Though all of the land involved was not always held by a common owner, it now appears that prior to the acquisition of their respective properties by plaintiffs *65 and defendant both tracts of land were .in one common ownership and while so owned in the year 1919 were registered along with other lands under the Torrens Title Registration Act. From the exhibits in the case, though no mention of it is made in the briefs filed in this court, it appears that defendant’s title is now subject to two express mineral reservations, and that the owners of such reservations were not joined as parties in this ac: tion. Obviously no decree of the trial court or of this court could affect the rights, if any, of such parties to minerals which might be under the disputed area in question. Compare Geiger v. Uhl (1932), 204 Ind. 135, 180 N.E. 10; Elam v. Hickman (1915), 166 Ky. 135, 179 S.W. 17; Falvy v. Sellers (1928), 166 La. 207, 106 So. 853.

After the case was at issue in the trial court defendant moved to have a Commission appointed under C.R.S. ’53, 118-11-1, et seq. Plaintiffs resisted this, urging the method was inapplicable to Torrens Act titles. However, the trial court correctly concluded that Rule 105 did not apply, and that the complaint stated a cause of action under the statutory proceedings for establishing disputed boundaries, and appointed Cecil J. Osborne, á registered professional engineer and land surveyor, as Commissioner to locate the correct corners and boundary line.

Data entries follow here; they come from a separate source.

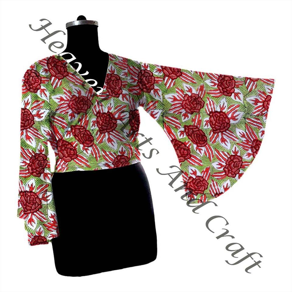Model Number:Hand Block Print Cotton Tie Tops Bell Sleeves
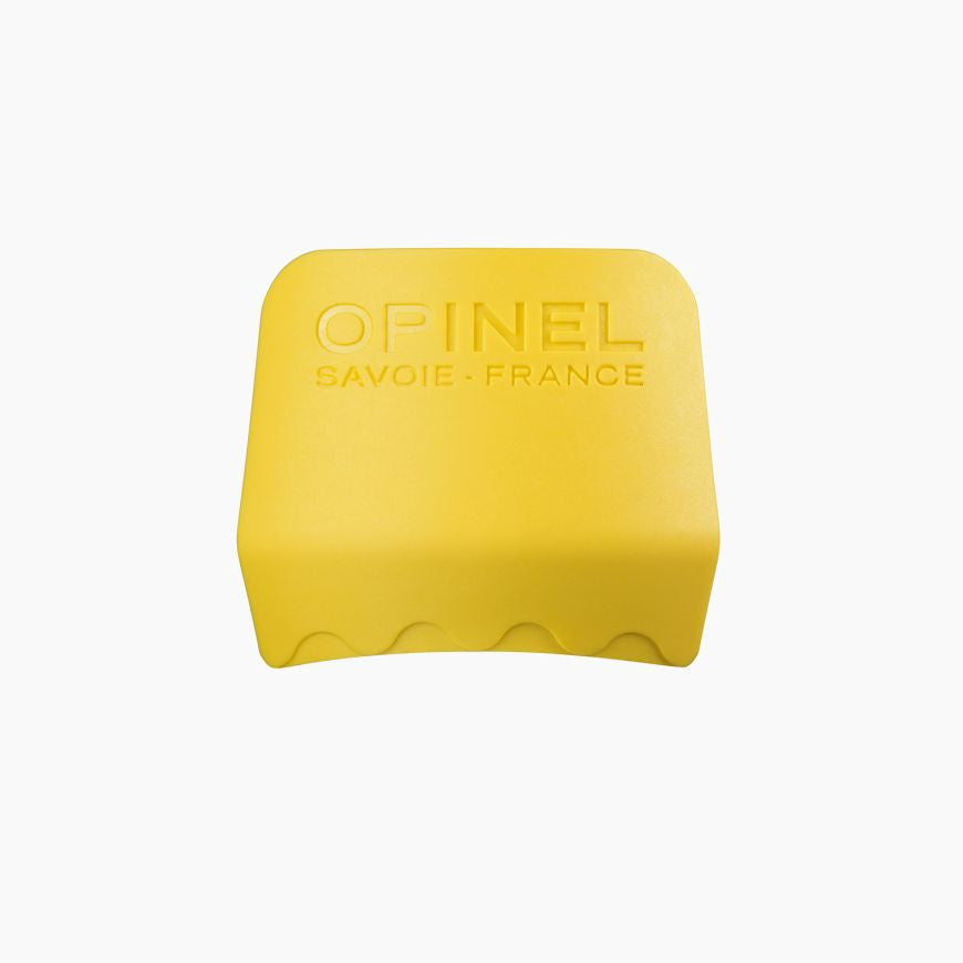This plastic shield allows to protect the hand which holds the food to be cut : the first two folded up phalanxes, the thumb and the little finger hold the food. The style of the Chefs!
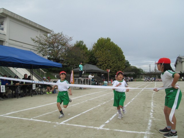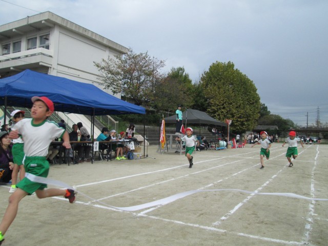1年生にとっては初めての徒競走でしたが、どの子もゴールに向かって一生懸命走ることができました。
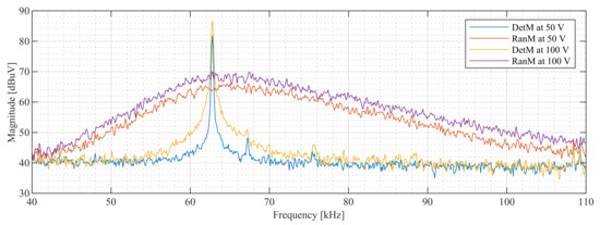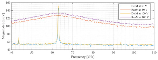 The converters were programmed to work using a switching frequency of 63 kHz, equal to the intermediate frequency of the PLC OFDM signal. The selected frequency is within the typical operating frequency range of medium power converters. Figure 7 shows the voltage spectrum measured directly from the load terminals in the case of DetM and RanM at 50 V and 100 V DC output voltages using the AV detector (measured from point 2 in Figure 3). As shown in the figure, the difference between the output voltage spectrum in the DetM and RanM at the fundamental frequency reaches almost 17 dB. The impact of the DC/DC converter output has its effect on the PLC circuit through the proposed coupling circuit as shown in Figure 8. The figure shows the frequency spectrum of DetM and RanM in the case of an output voltage of 50 V and 100 V measured from the PLC side (from point 1 in Figure 3) using an AV detector. The maximum magnitude of the spectrum (at the main switching frequency of the converter 63 kHz) reaches 81.6 dBuV for DetM and 63 dBuV for RanM at 50 V output voltage, and it reaches 87.5 dBuV and 69 dBuV in case of 100 V. It was noticed that the difference between both output voltages is 6 dB in both cases of modulations at the main converter switching frequency. The difference between RanM and DetM also reaches 18.8 dB at the same point. The achieved disturbance levels in the network are close to the limit levels, according to CISPR 11.

Plaintiffs contend that under the Torrens Act a title once registered thereunder becomes “forever binding and conclusive upon all persons” (C.R.S. ’53, 118-10-30) and may not be reopened except as provided in 118-10-31, which methods of reopening do not apply to this situation. We point out that while construction of plaintiffs’ deed and its legal effect are questions of law, the location of a boundary line is usually a question of fact, thus the Torrens Act can have no application to the settlement of a boundary dispute arising after registration of title whether between two registered owners or a Torrens holder .and a non-registered owner. This, of course, *66 would not be true if the boundary question had first been raised in the proceedings to register the title for it could be properly determined at that time too. See Balzer v. Pyles (1932), 350 Ill. 344, 183 N.E. 215.

The evidence discloses that Section 35 is one of those parcels of land which is not standard in size, and that all original four section corners, as well as the original quarter section corners in question, had been obliterated, and at the time of suit were unmarked as to the original government survey. This does not mean that the section corners were “lost” corners, however, in the sense that they could not be relocated with some degree of accuracy by recognized natural or permanent monuments, or even by re-survey from township lines some miles away. See Mason v. Braught (1914), 33 S.D. 559, 146 N.W. 687, at page 689.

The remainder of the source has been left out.